4 Day Week Global is also running a trial in the US – which has just been extended to 60 companies – while government-backed trials are also due to begin later this year in Spain and Scotland.
Sadly, there is an extremely personal reason behind her mission to improve people’s work-life balance. “In 2004 I was diagnosed with Stage 2 breast cancer. Surgery, chemotherapy and radiotherapy followed. My children were still very young, but I had a great medical team who gave me no reason to believe that I would not survive this. And I did,” she says.
“For a while I lived life more in the ‘now’, but over time I let my old habits slide back and, sure enough, there I was, back with the long hours and crazy life… until February 2021, when the cancer returned, this time Stage 4 and incurable.
“This is a very different place to be.
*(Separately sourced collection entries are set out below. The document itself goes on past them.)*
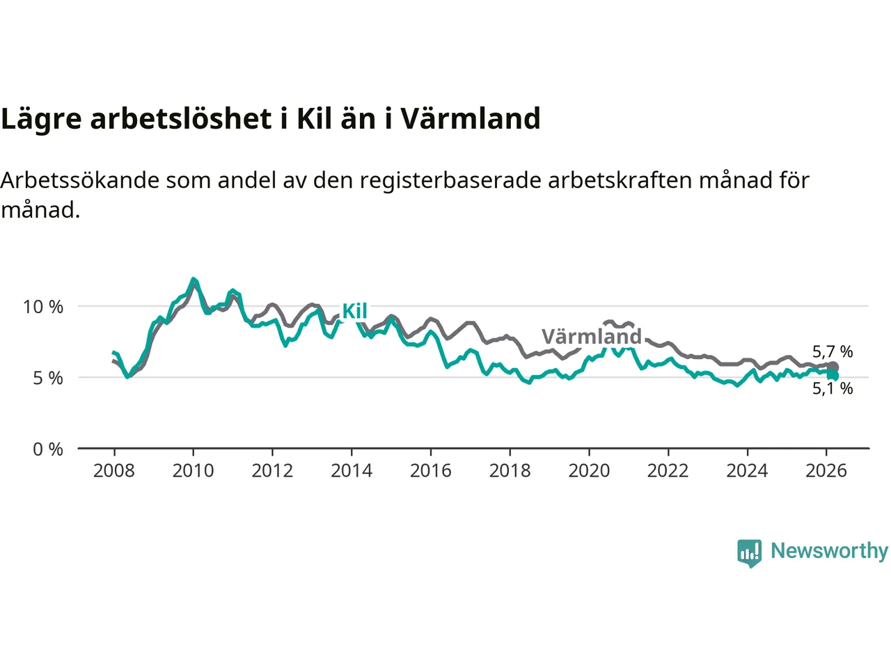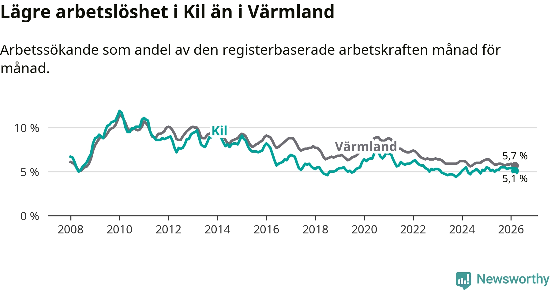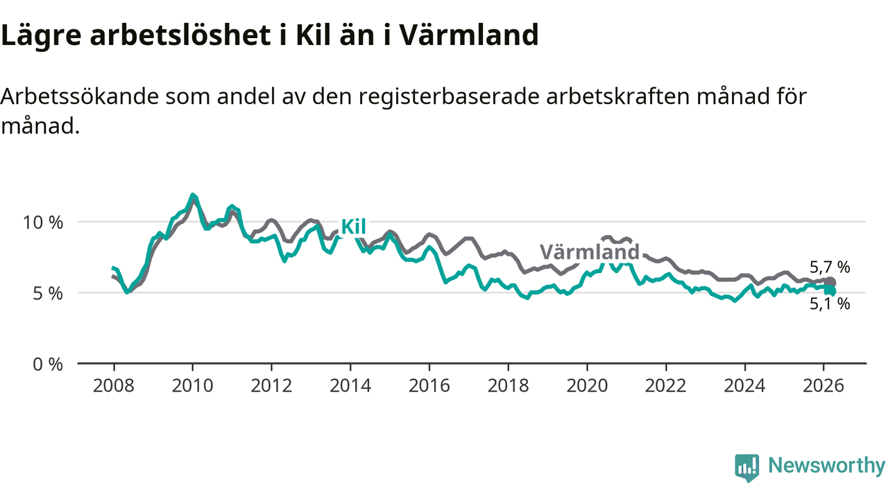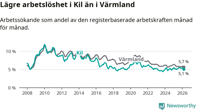 Kil går därmed mot strömmen i förhållande till andra kommuner i Värmlands län. I de flesta andra kommuner i länet går arbetslösheten nedåt. Störst är minskningen i Kristinehamn, där arbetslösheten sjunker med 1,2 procentenheter. I tabellen längre ner ser du utvecklingen i samtliga kommuner i länet.
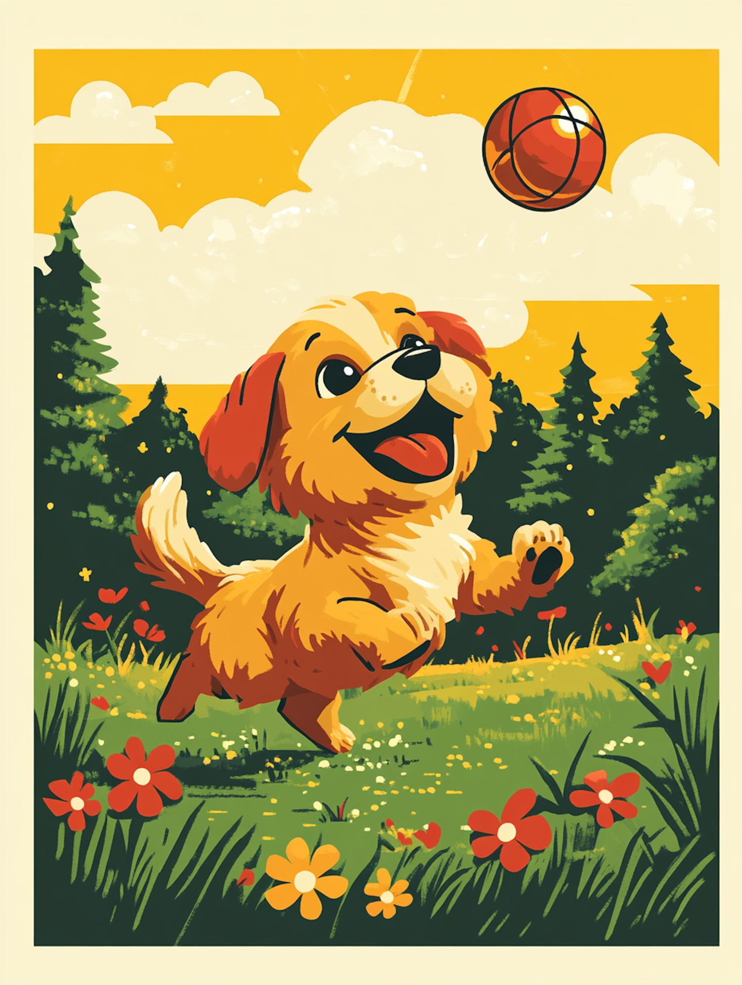 Cheerful cartoon dog chasing a red ball in a vibrant meadow with colorful flowers and a sunny sky.
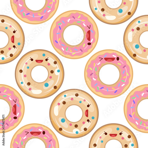 Fototapeta premium Cute donuts seamless pattern. Vector illustration. Food icon concept. Flat cartoon style.
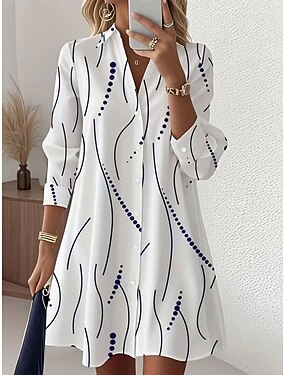 Femmes Robe Longueur Genou Robe Chemise Vacances Anniversaire Occasionnel Plage Coupe régulière Graphique À pois Abstrait manche longue Revers Bleu Blanche Rose Claire Violet Été Printemps
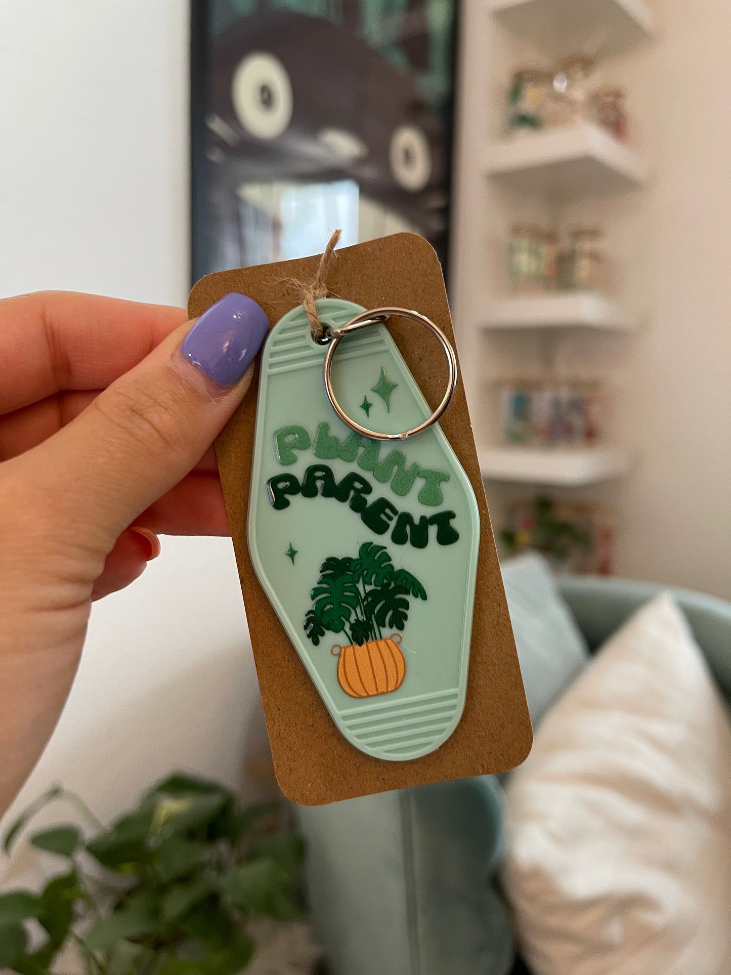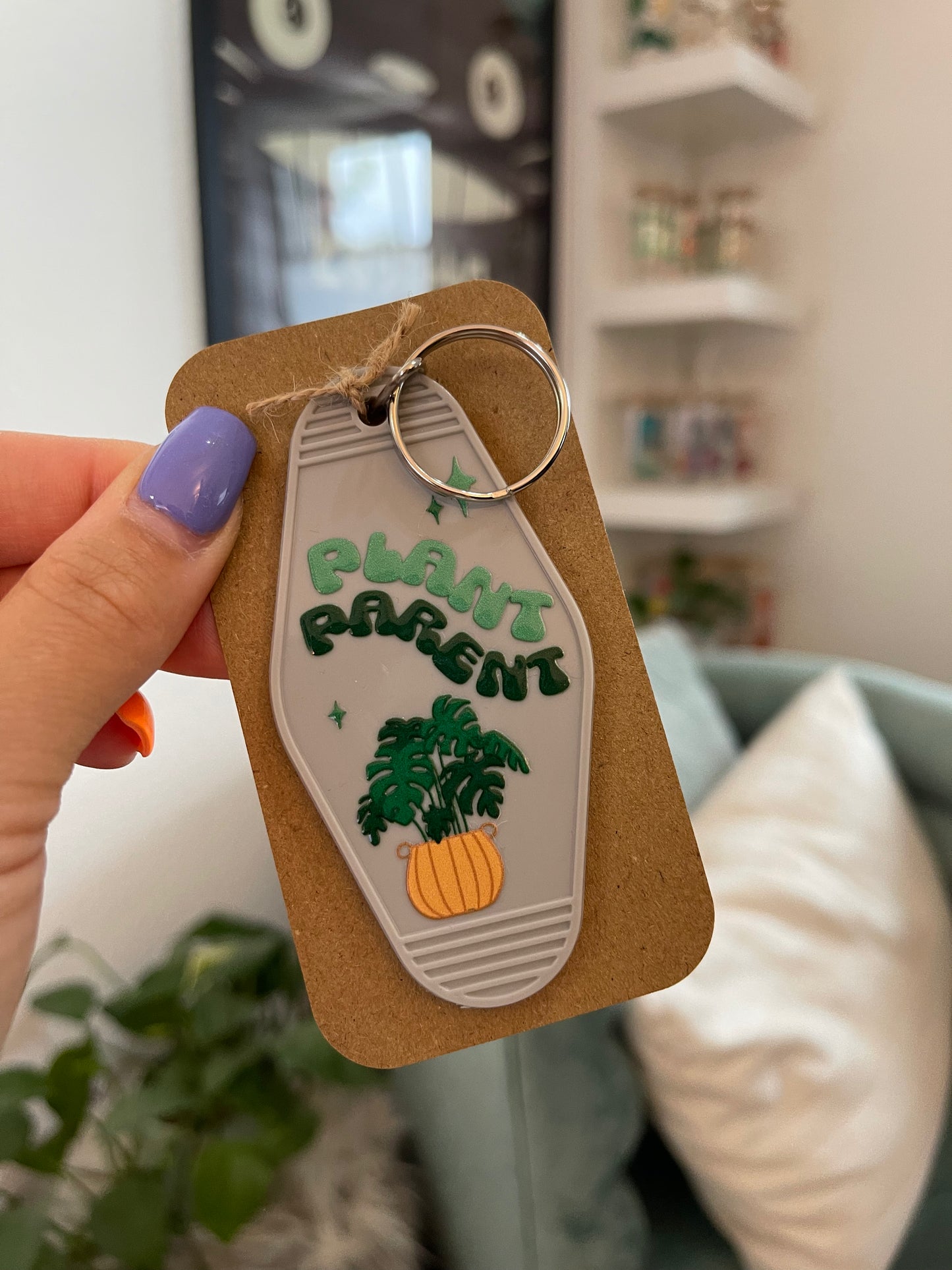 Dies ist ein Schlüsselanhänger im Vintage Motel Style, gestaltet mit dem Spruch "Plant Parent".
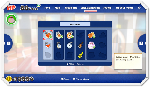 The gameplay section introduces the confetti feature (which is basically a confetti version of painting stuff in Color Splash), mentions that Toad Town will gain new shops and features as you rescue more Toads (and that sounds cool; I like the idea of Toad Town as a hub area), the combat system and boss fights, and then… equipment.
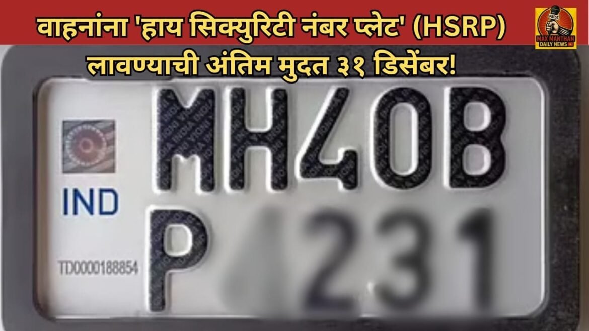 अंतिम मुदत: एचएसआरपी नंबर प्लेट बसवण्याची अंतिम मुदत ३१ डिसेंबर २०२५ ही आहे.
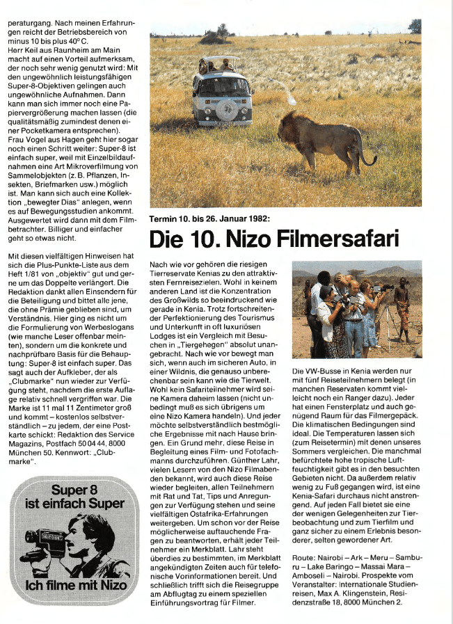 Braun Nizo editó desde 1969 una revista que distribuía por suscripción a los propietarios de una cámara de cine Nizo.
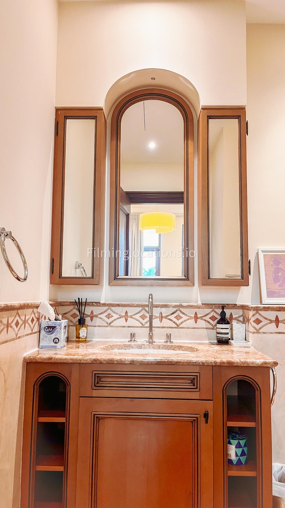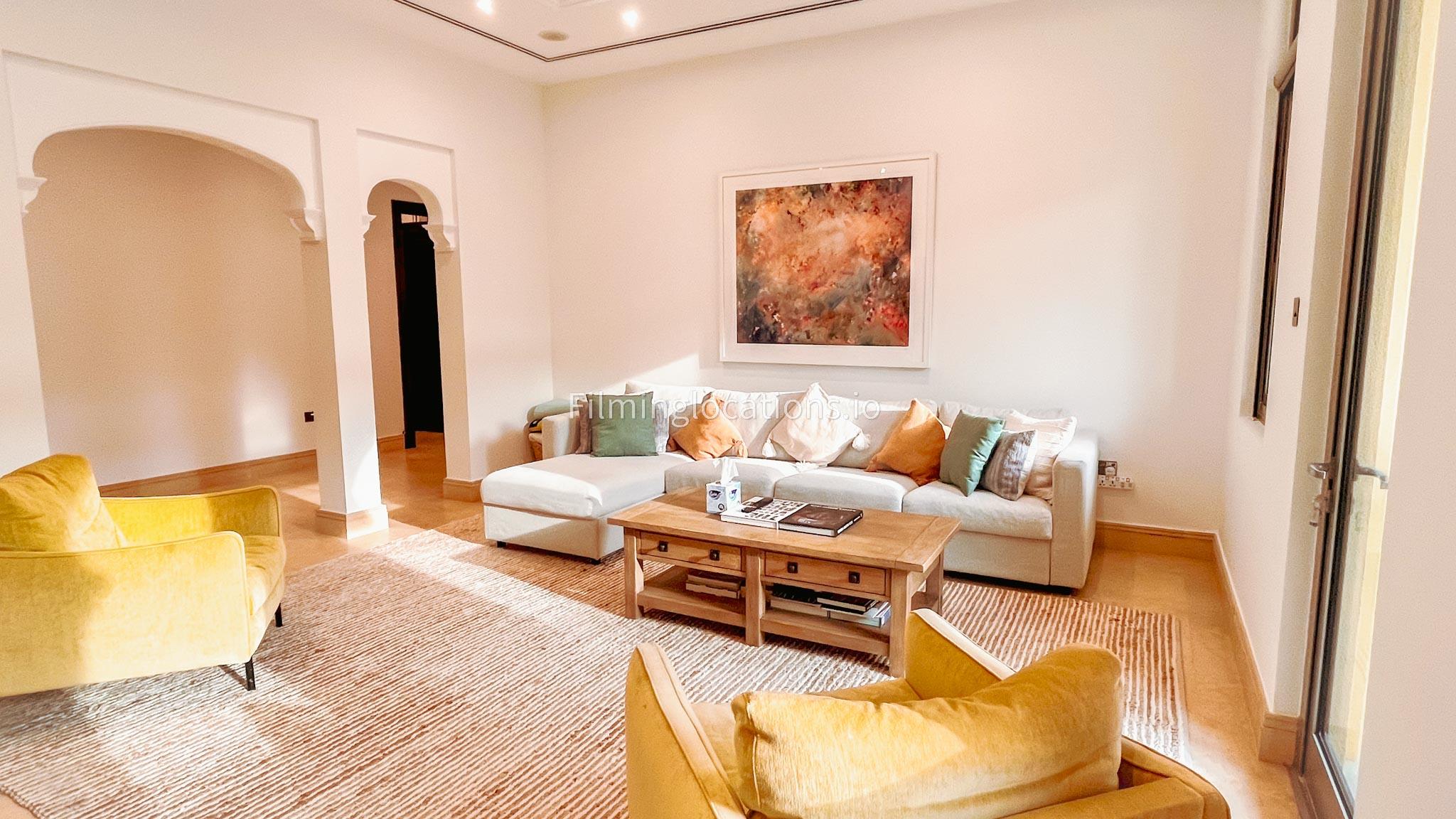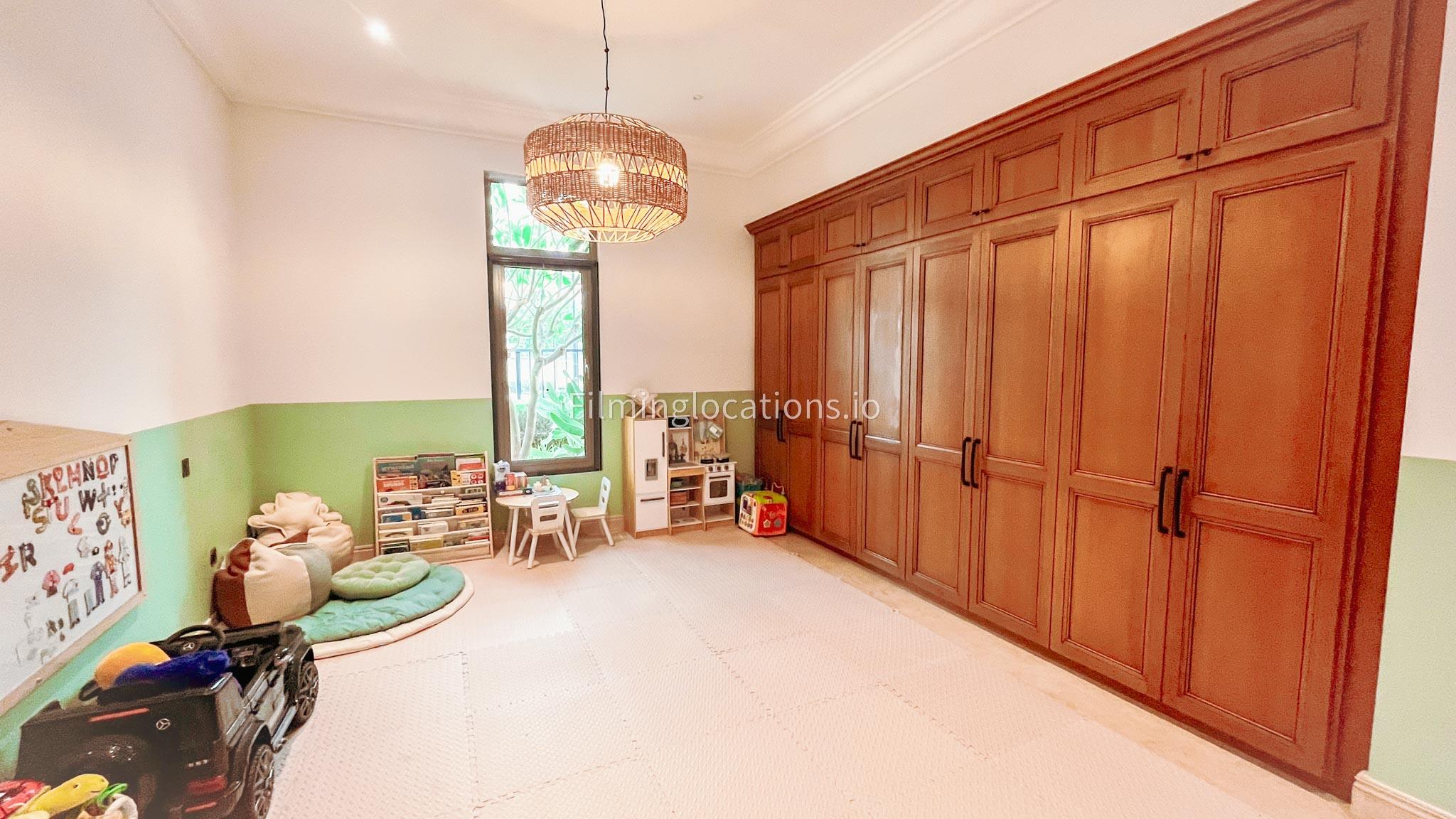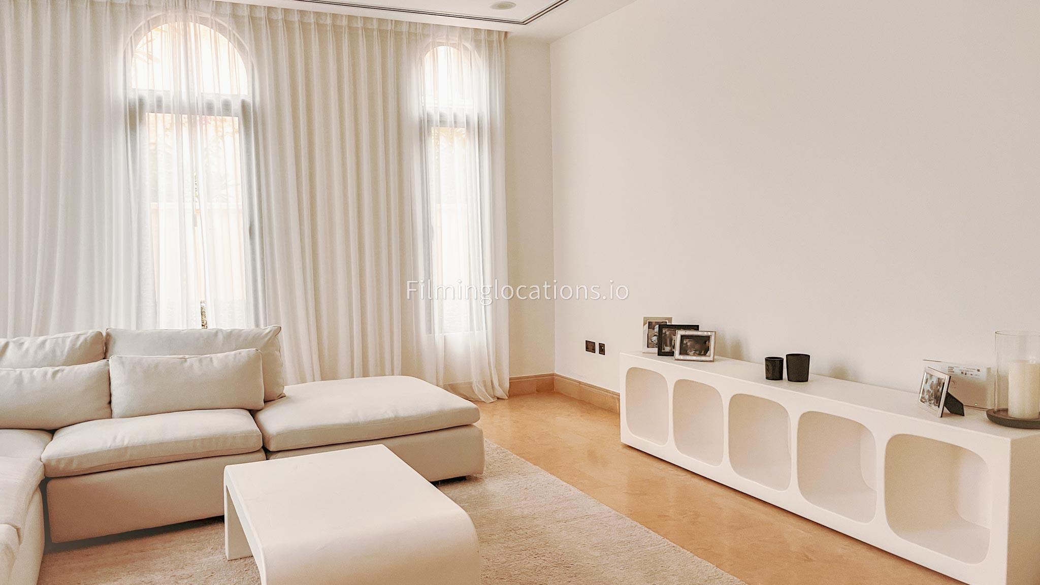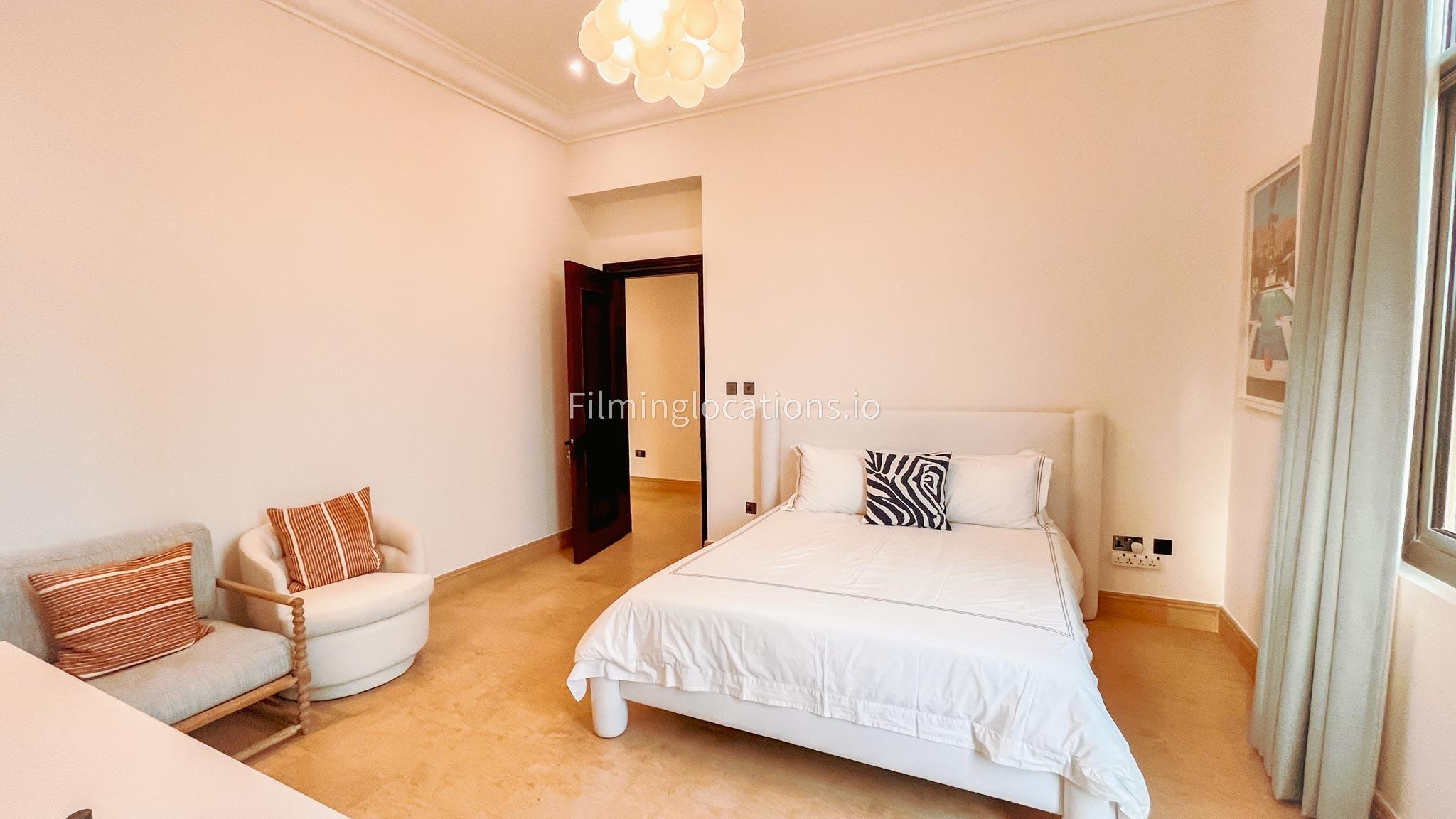 Our villa, located on Saadiyat Island, offers a delightful view of the golf course. It features five bedrooms, including two Kids rooms. The living room is elegantly decorated with artwork, furniture, and full-length mirrors. Additionally, there's a stunning backyard complete with a pristine pool and an outdoor seating area, all enveloped by lush greenery, making it an ideal setting for outdoor photography or film shoots. The kitchen is fully equipped, featuring an island, while the dining room emanates a tranquil atmosphere. The entire space is well-lit and exudes a peaceful ambiance

It has meant I have had to focus only on the very important things and enjoying life rather than frittering it away. Now for me, I focus on my family and friends, my bucket list and advocating for the four-day week.
“I expect to see a greater move to reduced hours – and we will see more and more legislation in support of this… especially once we are able to make our global research available to governments.”
She adds: “I have two pieces of advice from leaders who reduce work time by focusing on productivity: it’s easier than you think – and it’s the best thing you will do in business.”